_SUPPLIED DATA:_

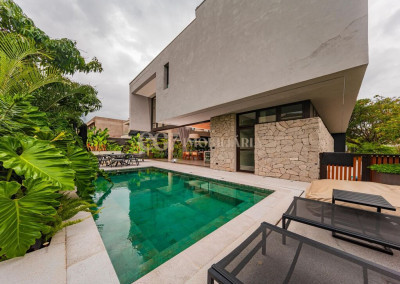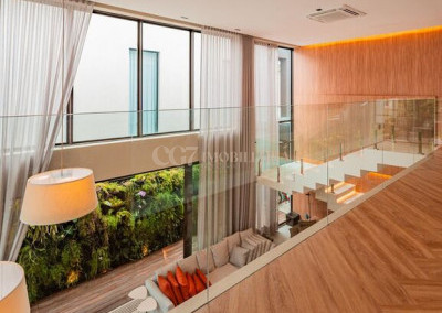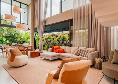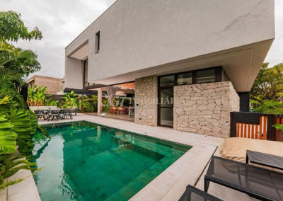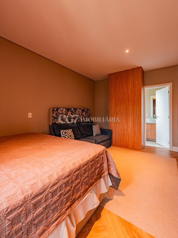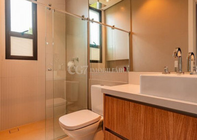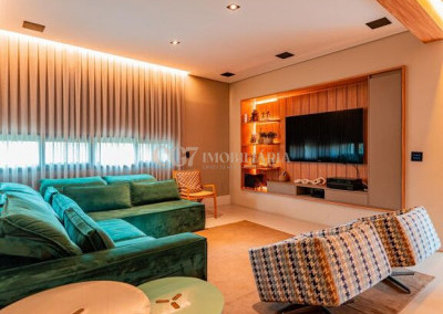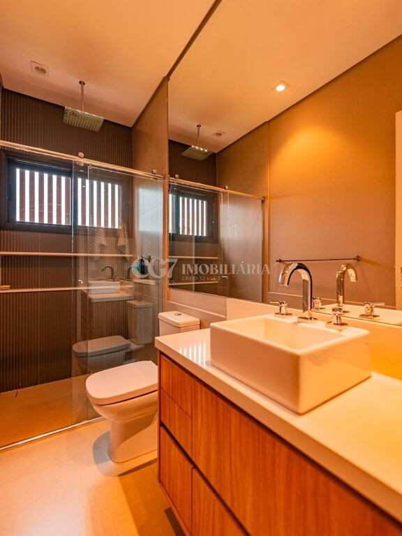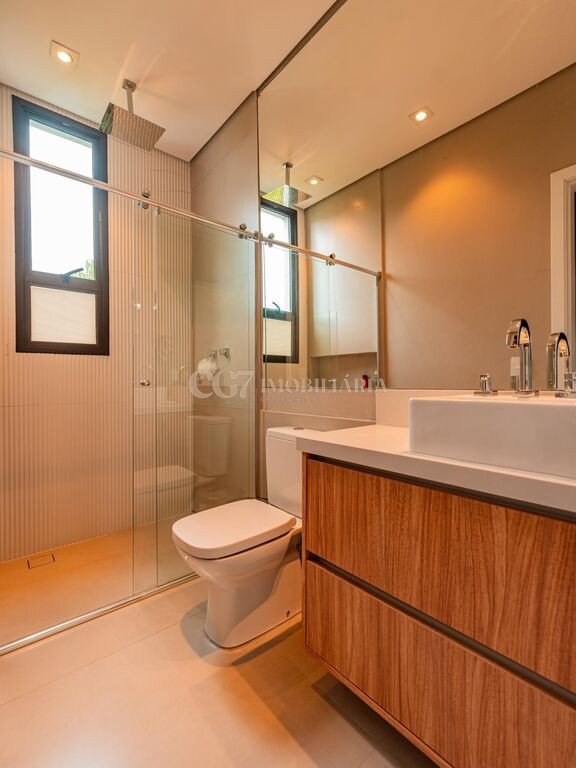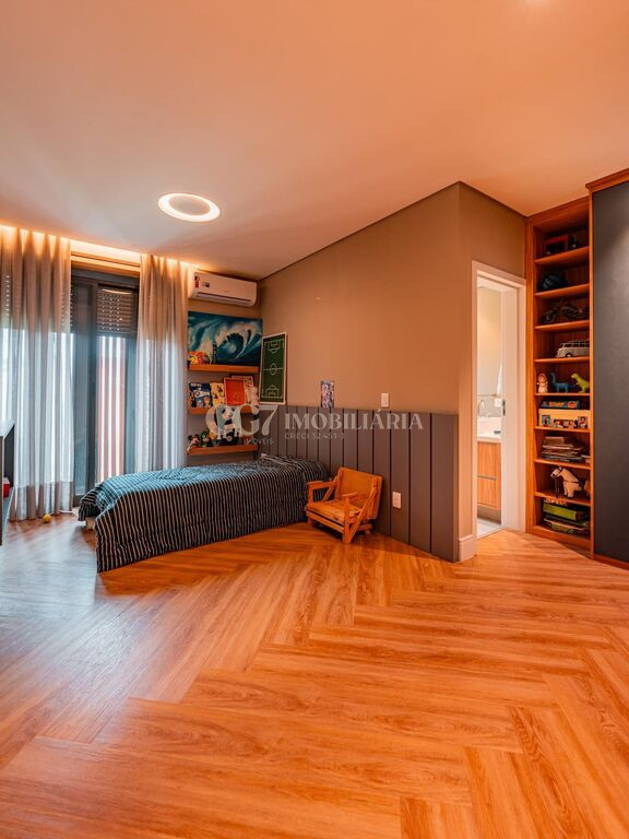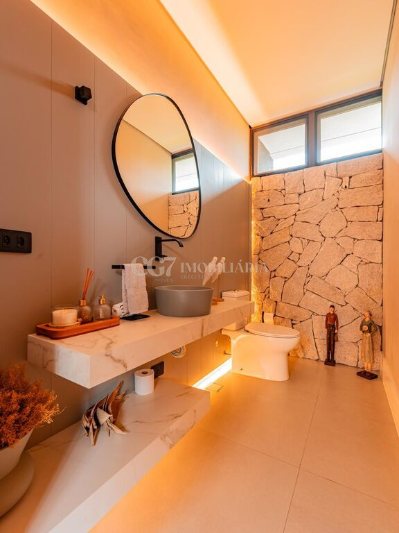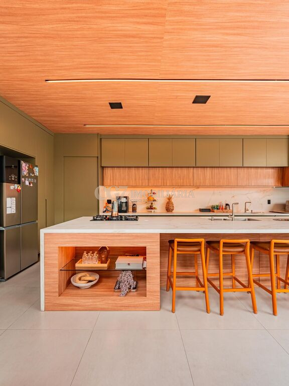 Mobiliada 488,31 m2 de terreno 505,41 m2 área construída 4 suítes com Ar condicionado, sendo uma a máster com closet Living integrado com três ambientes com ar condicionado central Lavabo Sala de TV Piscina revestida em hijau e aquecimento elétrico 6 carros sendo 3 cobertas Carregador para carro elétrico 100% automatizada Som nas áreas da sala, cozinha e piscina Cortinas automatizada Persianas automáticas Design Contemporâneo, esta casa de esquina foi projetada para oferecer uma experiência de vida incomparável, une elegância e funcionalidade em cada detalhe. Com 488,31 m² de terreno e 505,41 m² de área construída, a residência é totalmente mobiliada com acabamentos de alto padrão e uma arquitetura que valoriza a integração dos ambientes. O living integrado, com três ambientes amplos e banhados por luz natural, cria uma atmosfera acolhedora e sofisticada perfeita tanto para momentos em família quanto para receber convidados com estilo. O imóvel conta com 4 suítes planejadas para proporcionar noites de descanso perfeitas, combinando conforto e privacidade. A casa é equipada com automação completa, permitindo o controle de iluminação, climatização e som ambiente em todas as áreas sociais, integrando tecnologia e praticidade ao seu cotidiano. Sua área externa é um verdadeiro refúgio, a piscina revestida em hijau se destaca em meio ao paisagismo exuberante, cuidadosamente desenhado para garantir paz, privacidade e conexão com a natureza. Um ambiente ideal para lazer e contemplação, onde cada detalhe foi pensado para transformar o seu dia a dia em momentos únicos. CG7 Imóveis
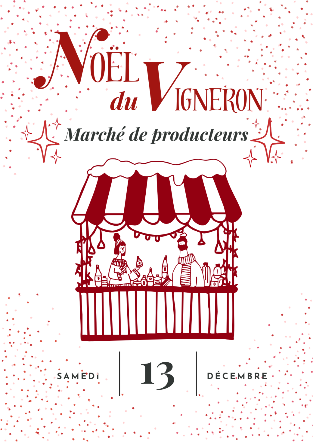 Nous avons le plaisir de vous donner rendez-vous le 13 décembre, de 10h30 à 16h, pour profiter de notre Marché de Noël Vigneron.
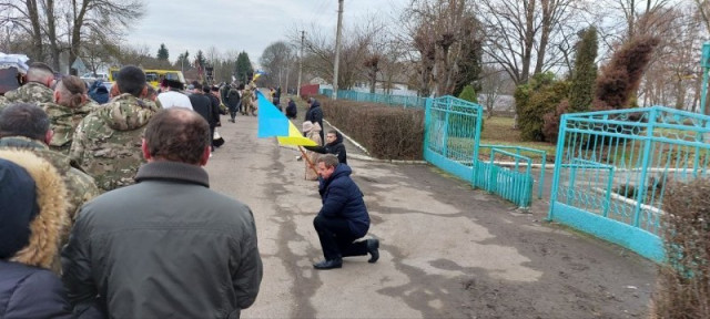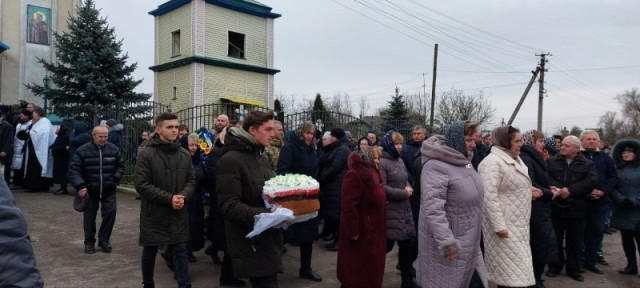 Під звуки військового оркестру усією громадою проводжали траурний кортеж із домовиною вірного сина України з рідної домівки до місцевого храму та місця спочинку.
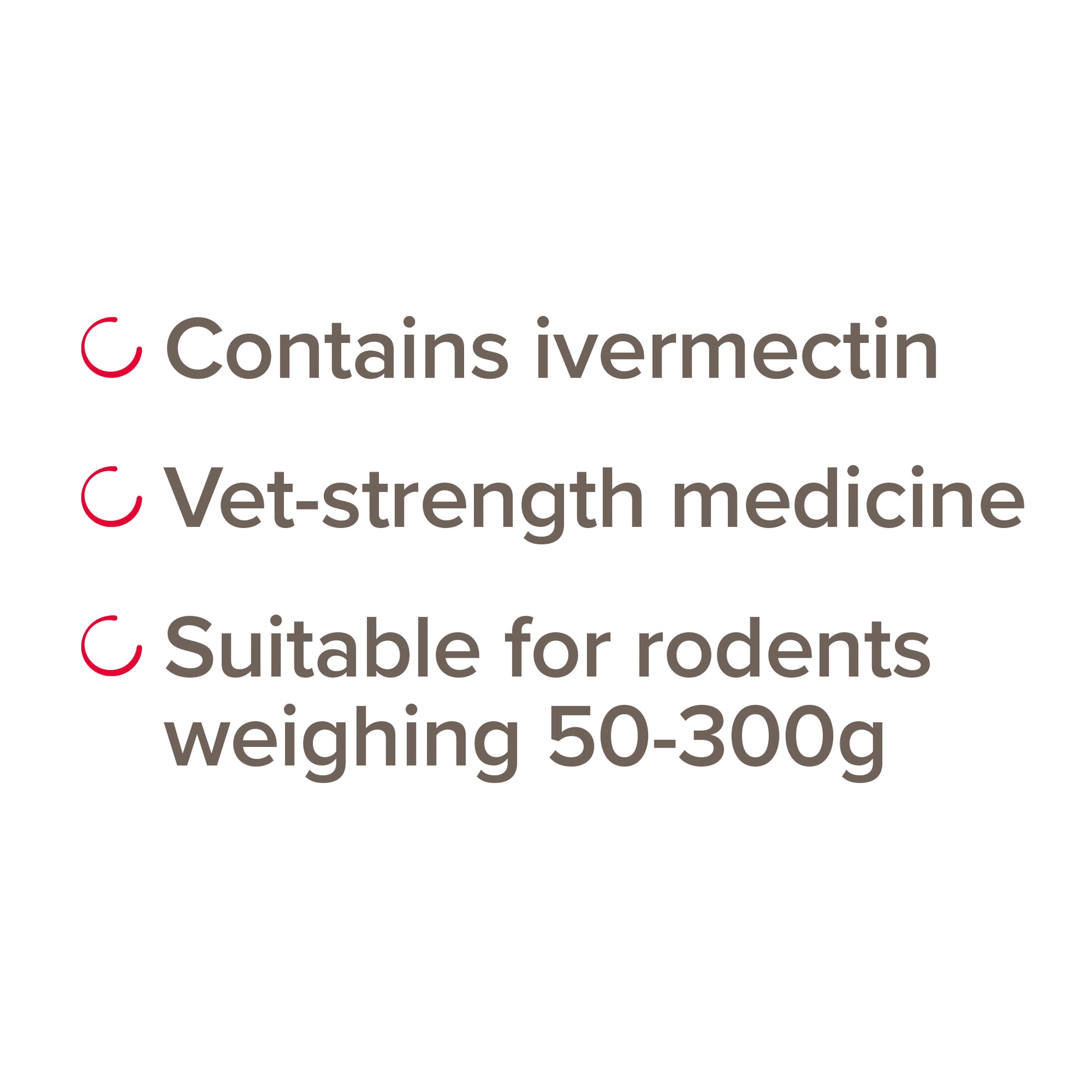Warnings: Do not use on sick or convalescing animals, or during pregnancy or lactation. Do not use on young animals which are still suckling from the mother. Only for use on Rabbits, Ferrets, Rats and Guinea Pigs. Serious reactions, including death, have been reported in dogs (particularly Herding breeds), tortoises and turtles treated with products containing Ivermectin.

_WORK INSTRUCTIONS:_ Each line above must be set down exactly, though no picture should be carried over.

_EXERCISE SOLUTION:_
 Mobiliada 488,31 m2 de terreno 505,41 m2 área construída 4 suítes com Ar condicionado, sendo uma a máster com closet Living integrado com três ambientes com ar condicionado central Lavabo Sala de TV Piscina revestida em hijau e aquecimento elétrico 6 carros sendo 3 cobertas Carregador para carro elétrico 100% automatizada Som nas áreas da sala, cozinha e piscina Cortinas automatizada Persianas automáticas Design Contemporâneo, esta casa de esquina foi projetada para oferecer uma experiência de vida incomparável, une elegância e funcionalidade em cada detalhe. Com 488,31 m² de terreno e 505,41 m² de área construída, a residência é totalmente mobiliada com acabamentos de alto padrão e uma arquitetura que valoriza a integração dos ambientes. O living integrado, com três ambientes amplos e banhados por luz natural, cria uma atmosfera acolhedora e sofisticada perfeita tanto para momentos em família quanto para receber convidados com estilo. O imóvel conta com 4 suítes planejadas para proporcionar noites de descanso perfeitas, combinando conforto e privacidade. A casa é equipada com automação completa, permitindo o controle de iluminação, climatização e som ambiente em todas as áreas sociais, integrando tecnologia e praticidade ao seu cotidiano. Sua área externa é um verdadeiro refúgio, a piscina revestida em hijau se destaca em meio ao paisagismo exuberante, cuidadosamente desenhado para garantir paz, privacidade e conexão com a natureza. Um ambiente ideal para lazer e contemplação, onde cada detalhe foi pensado para transformar o seu dia a dia em momentos únicos. CG7 Imóveis
 Nous avons le plaisir de vous donner rendez-vous le 13 décembre, de 10h30 à 16h, pour profiter de notre Marché de Noël Vigneron.
 Під звуки військового оркестру усією громадою проводжали траурний кортеж із домовиною вірного сина України з рідної домівки до місцевого храму та місця спочинку.
Warnings: Do not use on sick or convalescing animals, or during pregnancy or lactation. Do not use on young animals which are still suckling from the mother. Only for use on Rabbits, Ferrets, Rats and Guinea Pigs. Serious reactions, including death, have been reported in dogs (particularly Herding breeds), tortoises and turtles treated with products containing Ivermectin.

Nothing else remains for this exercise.